Prompt: Given the records underneath, please repeat exactly the lines from the line with "Bright, slightly irregular" through the line with "Бусины для творчества", passing over any picture.

Supplied entries:
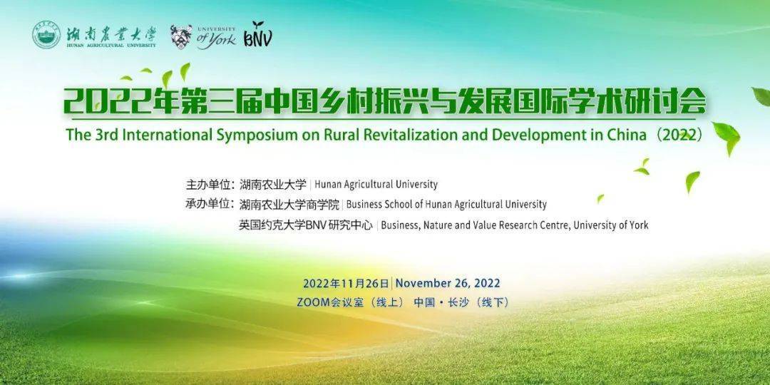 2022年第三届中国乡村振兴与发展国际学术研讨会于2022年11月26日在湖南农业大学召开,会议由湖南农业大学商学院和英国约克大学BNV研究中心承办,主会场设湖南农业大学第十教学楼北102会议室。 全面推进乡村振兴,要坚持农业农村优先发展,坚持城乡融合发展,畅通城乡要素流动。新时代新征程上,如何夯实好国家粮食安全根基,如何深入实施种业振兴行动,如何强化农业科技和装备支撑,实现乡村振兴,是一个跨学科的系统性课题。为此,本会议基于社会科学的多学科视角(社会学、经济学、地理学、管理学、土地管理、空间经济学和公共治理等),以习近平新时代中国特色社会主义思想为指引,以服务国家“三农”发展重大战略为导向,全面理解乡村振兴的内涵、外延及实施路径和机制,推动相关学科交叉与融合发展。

==

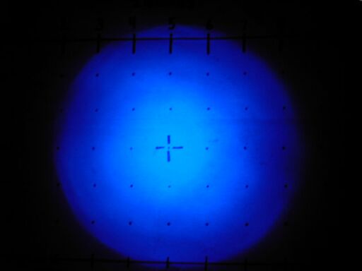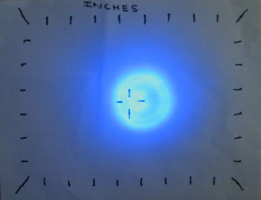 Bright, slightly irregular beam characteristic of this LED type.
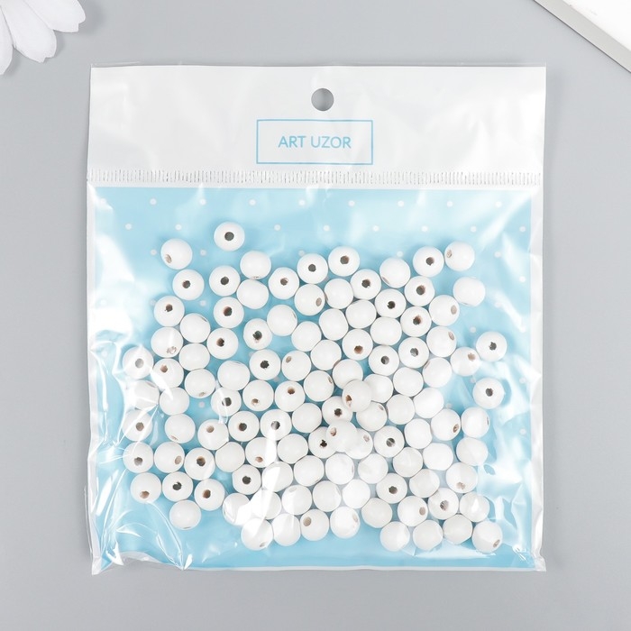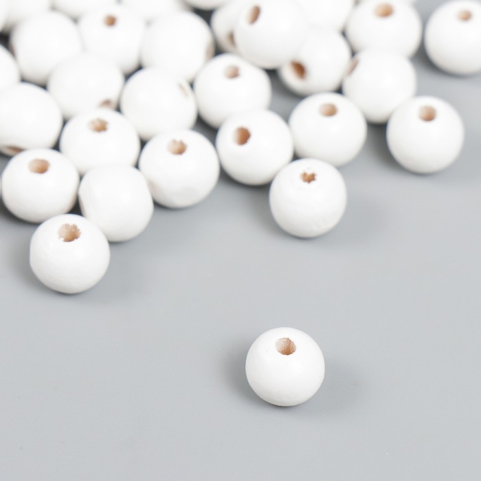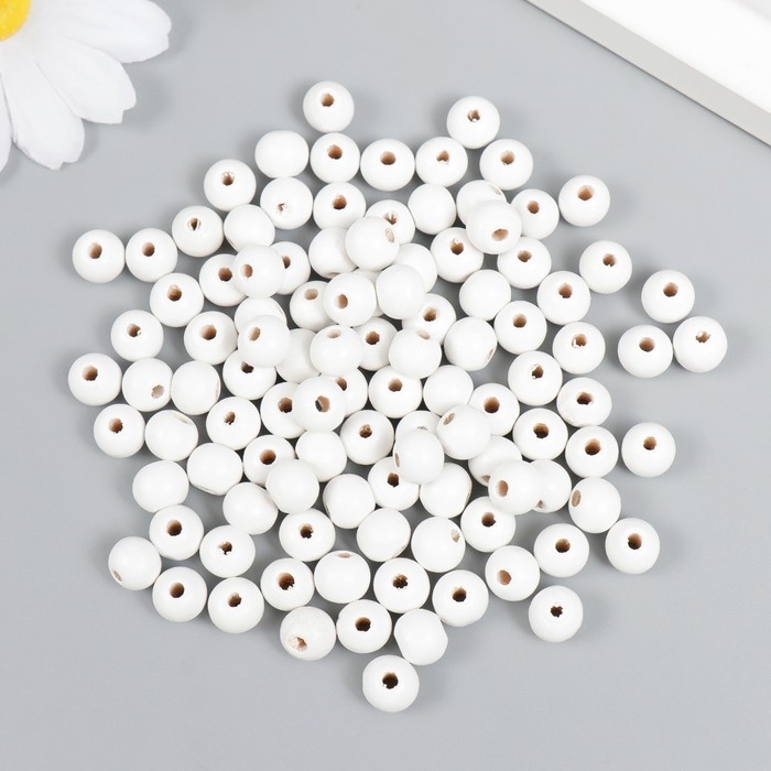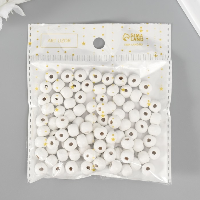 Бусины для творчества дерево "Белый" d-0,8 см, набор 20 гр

Task solution:
 Bright, slightly irregular beam characteristic of this LED type.
 Бусины для творчества дерево "Белый" d-0,8 см, набор 20 гр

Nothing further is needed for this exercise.